Это уже настоящий, правда, весьма краткий, но и весьма содержательный обвинительный акт всей государственной политики Февральской революции. Даже больше — это, конечно, невольное, но оправдание — да, да, оправдание — «революции Октябрьской». Что было с марта до октября? Вместо революционного дерзания — безнадежное топтание на поводу у кадетов, т. е., на жаргоне советской России, — у самой подлинной реакции. Ну а если это верно, если это ныне вынужден признать официальный орган, тогда одной из правительственных партий, то совершенно естественно было возмущение подлинной революционной стихии, и тогда октябрьский контрреволюционный переворот превращается в подлинную народную революцию!

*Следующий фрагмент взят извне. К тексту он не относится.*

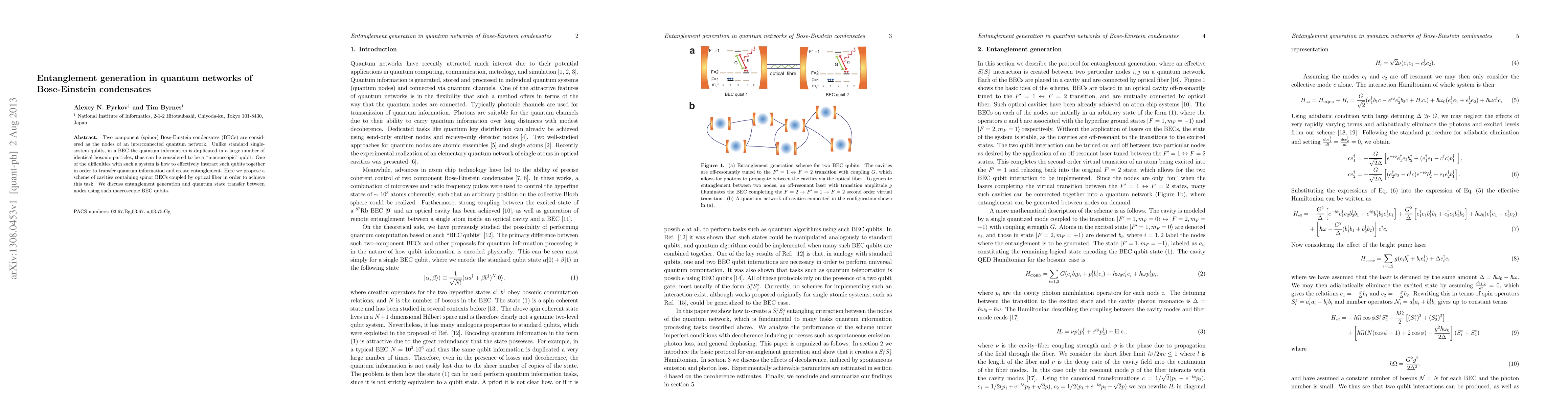 This paper proposes a scheme for generating entanglement in quantum networks using two-component Bose-Einstein condensates (BECs) as macroscopic qubits. It suggests using cavities containing spinor BECs coupled via optical fibers to transfer quantum information and create entanglement between these nodes.
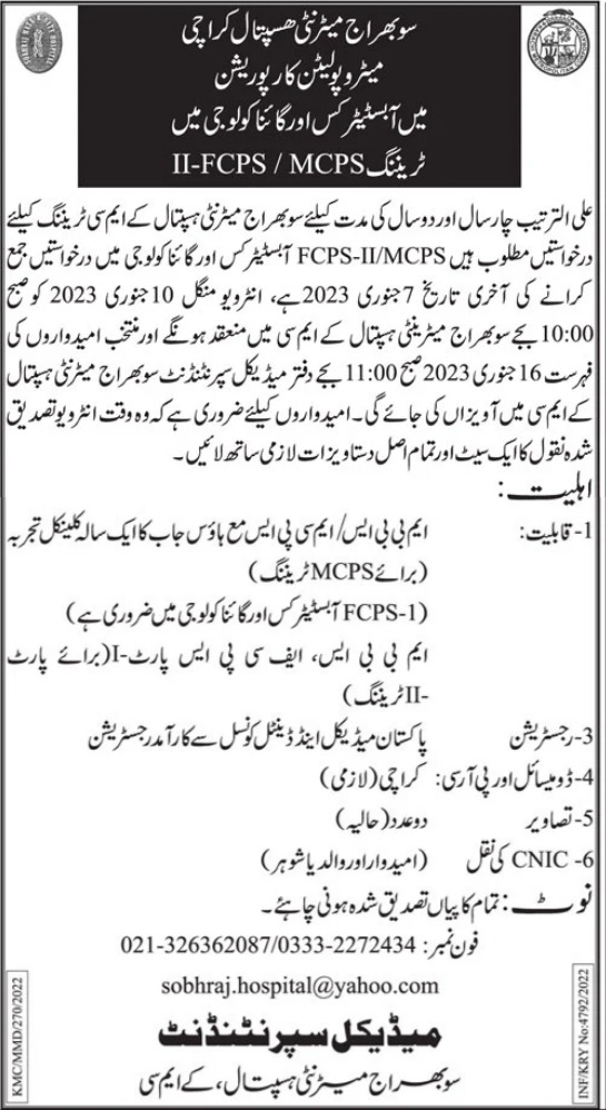 Sobhraj Maternity Hospital jobs advertisement dated about 26 December 2022 in daily Jang Newspaper invites application for the vacant post of fcps ii trainee obstetrics gynaecology and mcps trainee obstetrics gynaecology in Karachi, karachi Sindh Pakistan. Persons with MBBS and Others etc. education can apply.
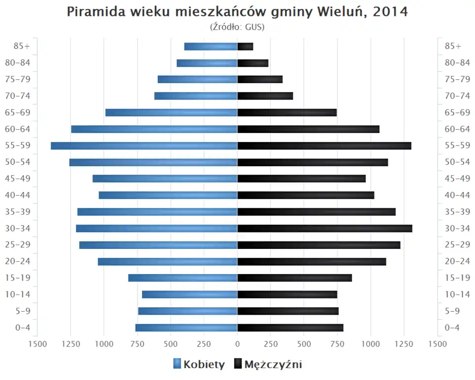 - Piramida wieku mieszkańców gminy Wieluń w 2014 roku[6].
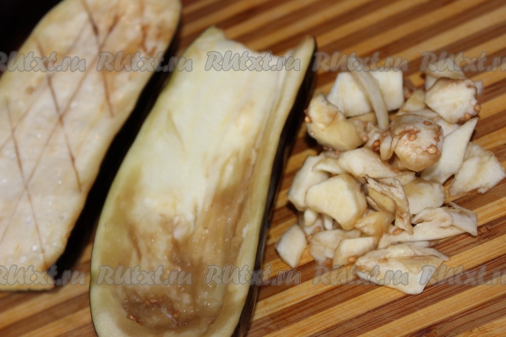 Баклажаны вымыть, удалить плодоножку, разрезать на две половинки. Небольшим ножом сделать надрезы в каждой половине и с помощью чайной ложки аккуратно вынуть мякоть, оставляя стеночки толщиной примерно 1 см. Таким образом у нас получатся "лодочки". Получившиеся лодочки посолить и оставить примерно на 30 минут, чтобы ушла вся горечь. Мякоть нарезать небольшими кубиками.
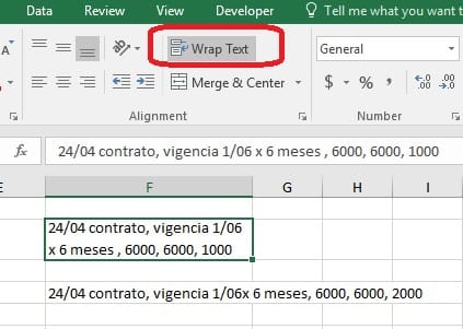 En la celda tengo el texto en 2 líneas y quiero que aparezca en una sola línea.
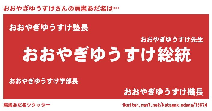 | 意味不明あだ名 | 『自称おおやぎゆうすけ』 |
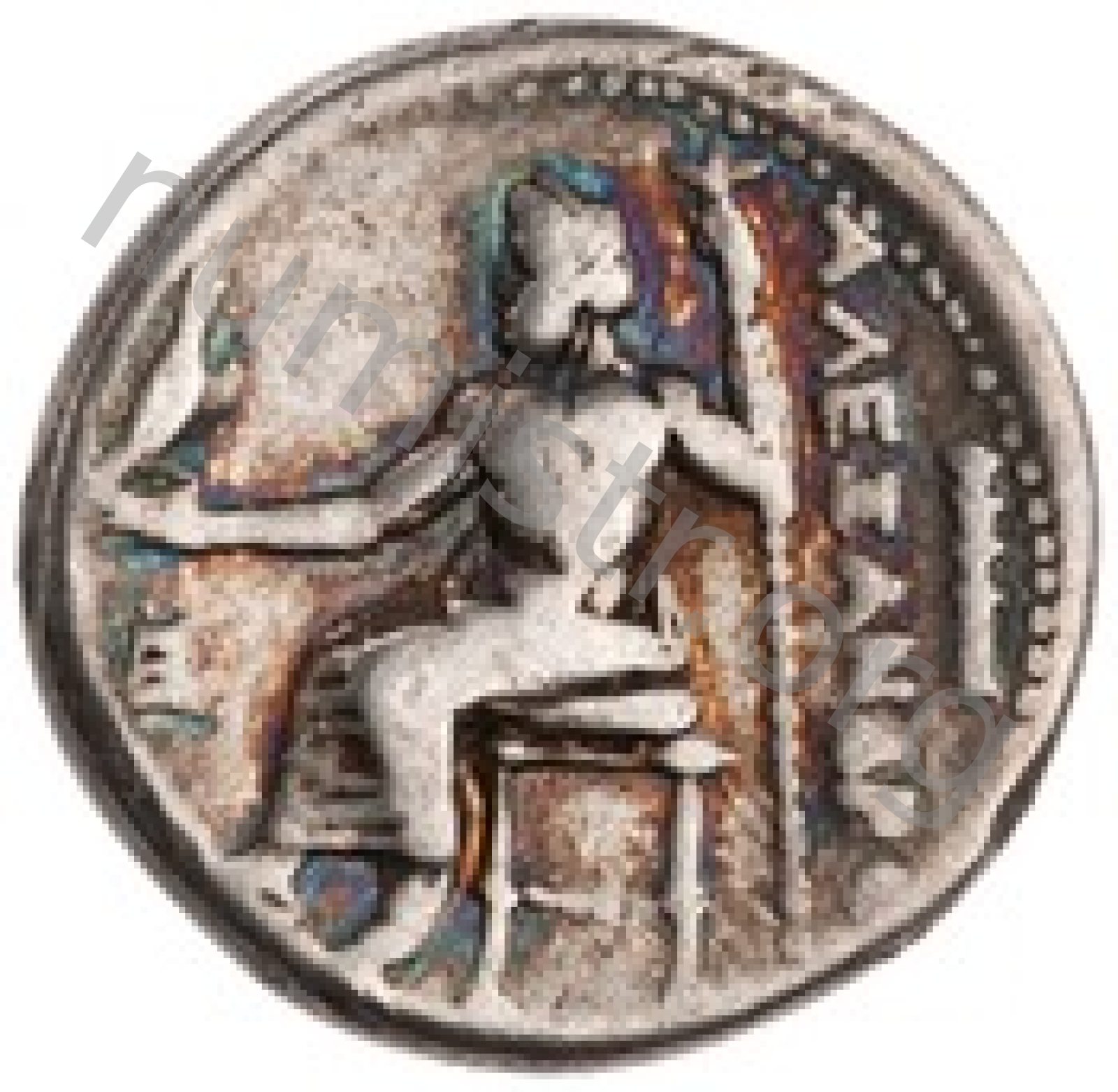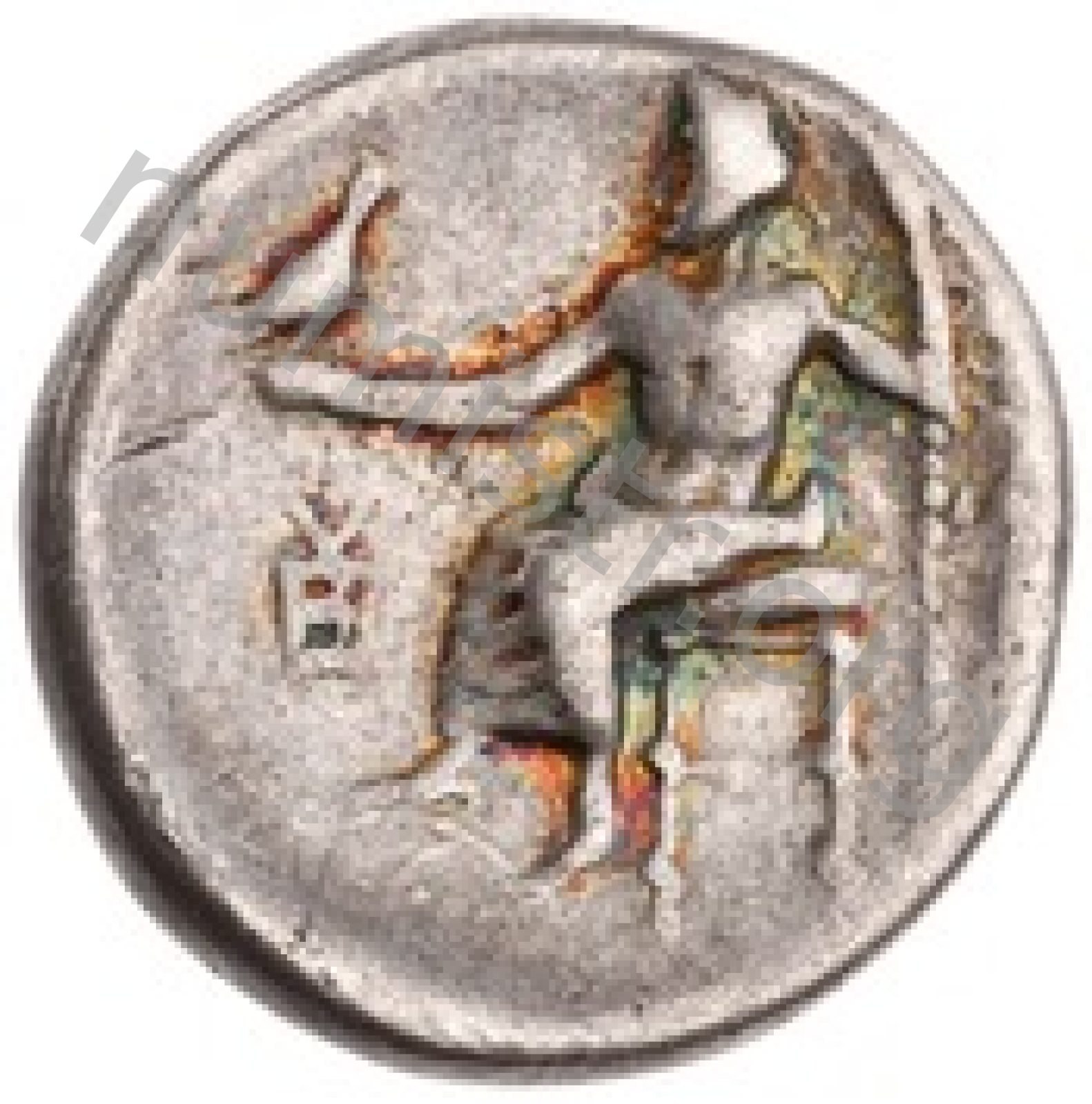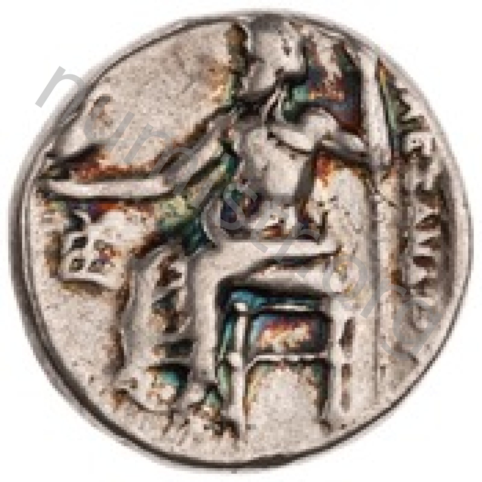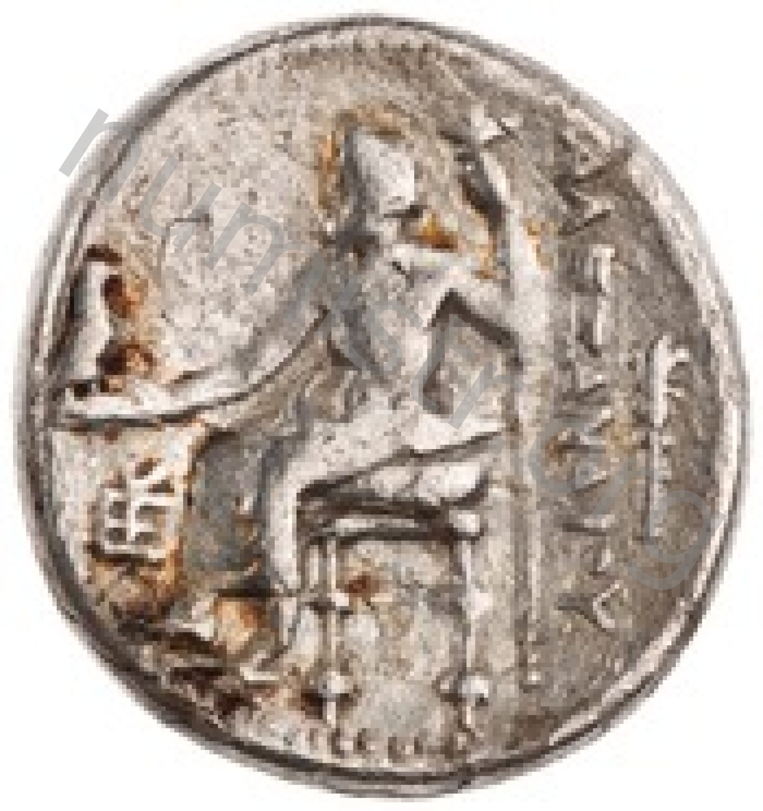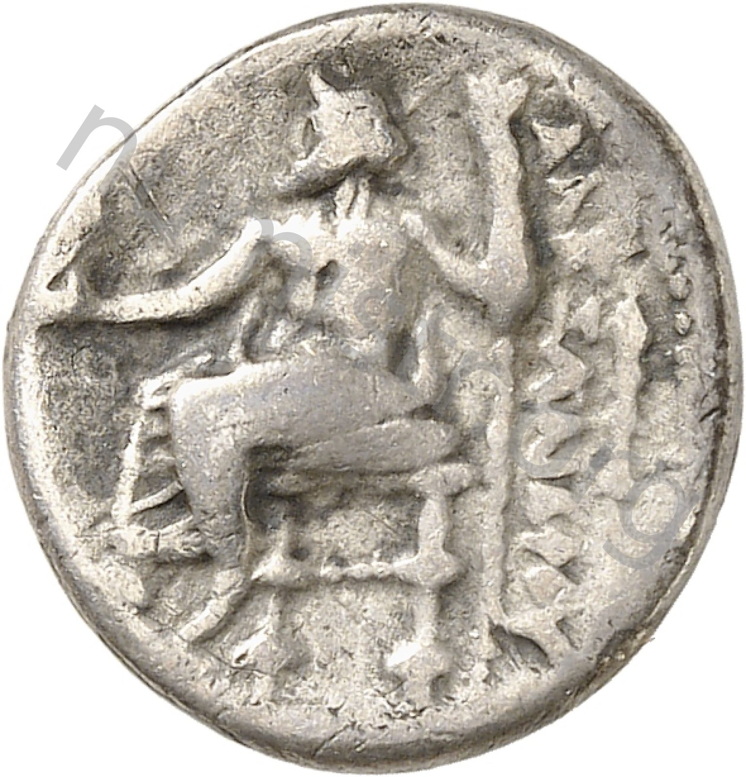 Head of beardless Heracles right wearing lion skin headdress -[en]

На секунду допустим, что обвинение в топтании на месте — в кунктаторстве — справедливо. Допустим; но кто же такие кунктаторы? Кто эти «вы», к которым с такой горечью обращается автор только что приведенной цитаты? Несомненно, что пятеро членов редакции «Современных записок» застопорить всю правительственную машину не могли, если бы даже хотели. Очевидно, что здесь имеется в виду кто-то другой или, точнее сказать, еще кто-то другой. Но кто же? Топтались везде: и в армии, и в аграрном вопросе, и в вопросе о войне и мире. Можно сказать, все государство топталось на месте, зацепившись за кадетский пень. Саботировать революцию, выражаясь на модном ныне языке, в таком грандиозном масштабе не под силу было, конечно, не только отдельным группам, но даже и отдельным партиям, в особенности при коалиции. Такой саботаж под силу был только правительству. У него в партиях могли быть сообщники, подстрекатели, укрыватели, но самую процедуру топтания могла исполнить со всем соответствующим ритуалом только Власть. «Вы — о, мудрые кунктаторы» — это Временное правительство. Другого адресата быть не может!
Правительство несет ответственность за свое топтание и те лица, кто в него входил, если необходимо искать личной ответственности. Кто же в этом смысле «ответственен» из членов группы «Современных записок»? Просматривая их список, вижу одного только Н. Д. Авксентьева. Да и тот был министром внутренних дел всего менее двух месяцев! Но зато сам-то обвинитель В. М. Чернов был членом Временного правительства целых четыре месяца, т. е. половину всего времени его существования. И я смею свидетельствовать, что за все время своего пребывания в правительстве министр земледелия ни разу по всем общим и принципиальным вопросам не оставался при особом мнении, ни разу не расходился с его большинством. А следовательно, за преступное топтание Временного правительства на месте В. М. Чернов несет в рядах партии социалистов — революционеров наибольшую после меня, пробывшего в составе Временного правительства все восемь месяцев, ответственность.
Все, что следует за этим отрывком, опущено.